In the latest State of Elyria, Walsh tackles the issue of funding the MMO the last few years since stopping crowdfunding in 2020.  In the post, Walsh talks about the struggles Soulbound Studios has faced since he laid off the staff back in March of 2020. He details the struggle where he noticed that operating costs and more have increased, seeing his company hemorrhaging money with hosting costs and more. As a result, Caspian states that he effectively has had to stop his engineering duties in order to take on some “cost-cutting” to the business.

Because of this, the promised Alpha 2 was delayed as design work was put on hold to ensure that the company could, in effect, stay afloat.

However, while the initial strategies were in place, Caspian details that there was “another abrupt increase” in the costs to the company, requiring even more of his attention. He directly challenges the assertion many backers have that there was a “giant stockpile of cash” from the crowdfunding days to pull from, instead addressing Soulbound Studios taking on a PPP loan during the pandemic. The loan, according to Walsh, made it possible to carry on through 2020 and 2021. 

Walsh, though, states that this money has now run out, forcing him and his family to start pouring their own assets into the company – something that Walsh states has now happened twice in Chronicles of Elyria’s development. (As an aside, the official Soulbound Studios website states that the company is kept afloat by Jeromy’s personal wealth, as well as a co-owned PPC business.)

“And here, I’m afraid, is where I have to make a confession. Almost six years into development, Chronicles of Elyria remains one of the most important and significant things in my life. So much so, that I had a long conversation with my wife and we agreed that Chronicles of Elyria was worth our own livelihood to see it through. So, for the second time in the history of Soulbound Studios, I began emptying my family’s savings and liquidating our assets in an effort to fund the continued development of the game.”

As such, Walsh says that he’s been injecting funds into the company to “keep Soulbound Studios alive.” However, he also says that if the company runs out of money and they need to lay off their remote contractors, it won’t be the end of Elyria. Citing the fact that some indie studios have survived off the back of a single developer, Walsh states that Kingdoms of Elyria, the standalone title that is supposed to feed into Chronicles of Elyria’s development, is close enough that it just needs some engineering.

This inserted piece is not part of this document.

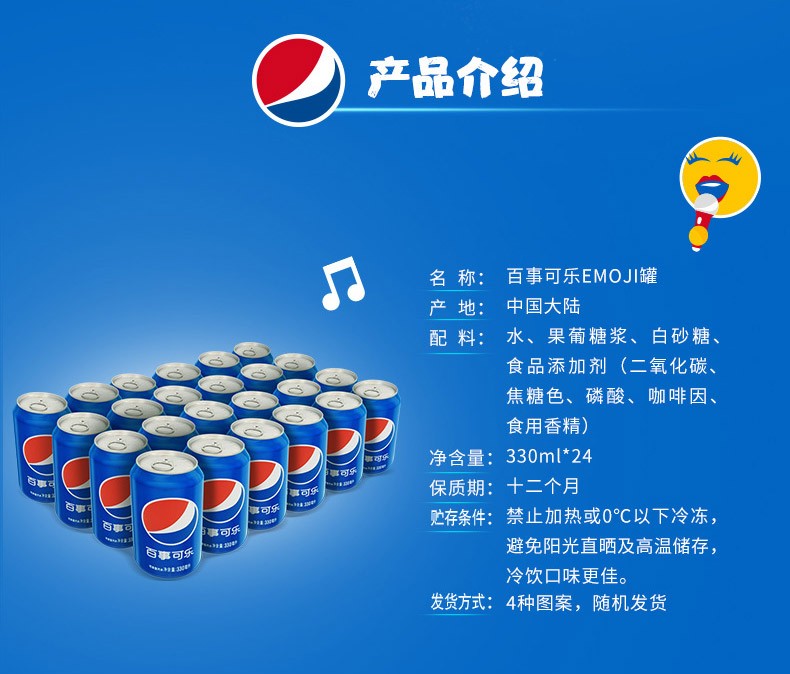百事可乐 碳酸饮料 330ml*24罐 整件

Walsh also mentions that they are gearing up to start talking to investors and publishers to inject some capital into the company.

The rest of the State of Elyria post details ongoing work on many of the assets players will potentially see in the upcoming alpha test still being planned, though now pushed to Q3. Caspian also talks about the workflows being used in production, as well as explains why he feels Chronicles of Elyria development is in a good place.

“I think that’s the main reason why development on CoE feels so good right now. The scope of Kingdoms of Elyria is almost entirely the things that are most important to our community. Namely, the land management mechanics such as zoning, agriculture, construction, and farming; and the settlement management mechanics such as building management, resource & commodities, crafting, and contracts. With each design document we finalize, we move our community into a place where they’ll be able to experience what it’s like to manage a settlement or domain in Elyria.”

Despite the update, one major aspect of the CoE saga still looms large: the ongoing class action lawsuit filed by spurned backers. The lawsuit, which is still being arbitrated, is levied at the Chronicles of Elyria developer by backers seeking to recover their funds poured into the project after its abrupt closure in 2020. While Walsh walked back statements saying that the studio wasn’t actually closed, that hasn’t stopped the lawsuit itself moving forward. While not much movement has happened in recent months (such is the legal system), it looms over this entire endeavor, as former fans seek to recapture what they can of the $8 million poured into the Kickstarter and various other crowdfunding sources.